Q: Canon 1248 of the Latin-rite Code of Canon Law states that a day of precept is fulfilled by assisting at Mass celebrated in a “Catholic rite.” On that basis, would attendance at an Orthodox Divine Liturgy currently fulfill the precept? The Holy See’s Ecumenical Directory of 1970/71 specifically allowed this, but no mention is made one way or the other in the current (1993) version. — C.Y., Butler, Pennsylvania
A. here is the full text of the canon:
“1248 §1. A person who assists at a Mass celebrated anywhere in a Catholic rite either on the feast day itself or in the evening of the preceding day satisfies the obligation of participating in the Mass.
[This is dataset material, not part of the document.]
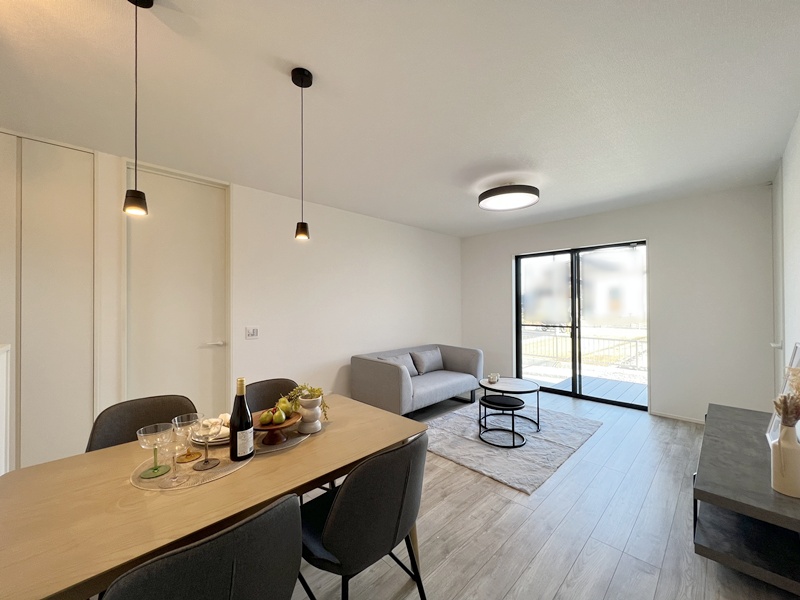 16帖のLDK を配置。隣接するウッドデッキとつなげることで、室内外に広がりを持たせ、家族が集まりやすい空間になっています。

“§2. If participation in the eucharistic celebration becomes impossible because of the absence of a sacred minister or for another grave cause, it is strongly recommended that the faithful take part in a liturgy of the word if such a liturgy is celebrated in a parish church or other sacred place according to the prescripts of the diocesan bishop or that they devote themselves to prayer for a suitable time alone, as a family, or, as the occasion permits, in groups of families.”
Since Canon 1248 specifically states that the precept must be fulfilled in a Catholic rite and makes no exceptions, some canonists aver that this canon effectively abrogated the privilege granted in the 1970 Ecumenical Directory which allowed this exception.
Therefore the absence of any specific mention of this privilege in the revised “Directory for the Application of Principles and Norms on Ecumenism” could be interpreted either as a definitive abrogation of the privilege or simply the recognition of the state of the case after the promulgation of the Code.
The Code of Canons of the Eastern Churches has a similar disposition, although organized in a different way so as to adapt to the particular situation of the Eastern Churches. Thus Canon 881.1 states:
“The Christian faithful are bound by the obligation to participate on Sundays and feast days in the Divine Liturgy, or according to the prescripts of their own Church ‘sui iuris,’ in the celebration of the divine praises.”
It must be noted that here there is no mention of attending “anywhere in a Catholic rite.” This is probably because these Churches are very strongly bound to the participation in their own liturgical tradition.
However, Canon 883.1 does take into consideration the possibility of those who are far from home. To wit:
“As regards feast days and days of penance, the Christian faithful who are outside the territorial boundaries of their own Church ‘sui iuris’ can adapt themselves fully to the norms in force where they are staying.”
In practice this means the following.
A Latin Rite Catholic may fulfill the precept by attending any Catholic Mass from Saturday evening through all day Sunday.
Many, but not all, canonists state that Saturday evening means after 4 p.m.; others say after 12 noon. In some dioceses the bishop has determined the hour by decree, and this is a legitimate exercise of his authority in an area that has not been determined by the Holy See.
The Latin Catholic fulfills the Sunday precept even if the liturgy celebrated was not that of the corresponding Sunday, for example, if he attended a wedding, funeral or even an evening Saturday Mass in a religious community which habitually celebrated its daily Mass in the evening.
He or she may also attend any Eastern Catholic Divine Liturgy, making every effort to respect the traditions of each liturgical family regarding such things as posture, fasting and the reception of Communion.
The Eastern Catholic, within the territory of his own Church, should preferably always attend his own rite. Outside of this territory he should do all that is reasonable to attend his own rite. Otherwise, he should attend another Catholic celebration.
In places where several Catholic jurisdictions overlap, such as in some parts of India and the Middle East, Catholics occasionally attend one another’s celebrations as a sign of harmony and the common faith.
There are one or two ancient but small liturgical families of which there is a Catholic and an Orthodox branch. In places outside of the traditional homeland where there is a sufficient number of faithful, but an acute shortage of priests, the Catholic Church has agreed to share priests with the Orthodox so as to assure the continued celebration of this liturgical tradition. In such cases both Catholics and Orthodox worship together.
Otherwise, a Catholic does not fulfill his Sunday Obligation attending an Orthodox celebration.
Should a Catholic be in a situation where there is no Catholic Mass available, the Sunday obligation ceases, since nobody is obliged to do the impossible. As we have seen above in Canon 1248.2, the Church highly recommends some alternative form of sanctification of the feast such as a celebration of the Word. This, however, is a recommendation and not an obligation.
Should a Catholic find himself in a situation where there was no Catholic Mass but there was an Orthodox celebration, then the Catholic could attend this celebration as an alternative means of sanctifying the feast, although not in fulfillment of the Sunday precept.
If the laws of the Orthodox Church allow it, the Catholic could also receive Communion (Canon 844.2; Eastern Code 671.2).
A Catholic should always inquire beforehand if this possibility is available. If unable to ask because of language barriers, it is better to refrain rather than risk contravening the spiritual tradition of fellow Christians.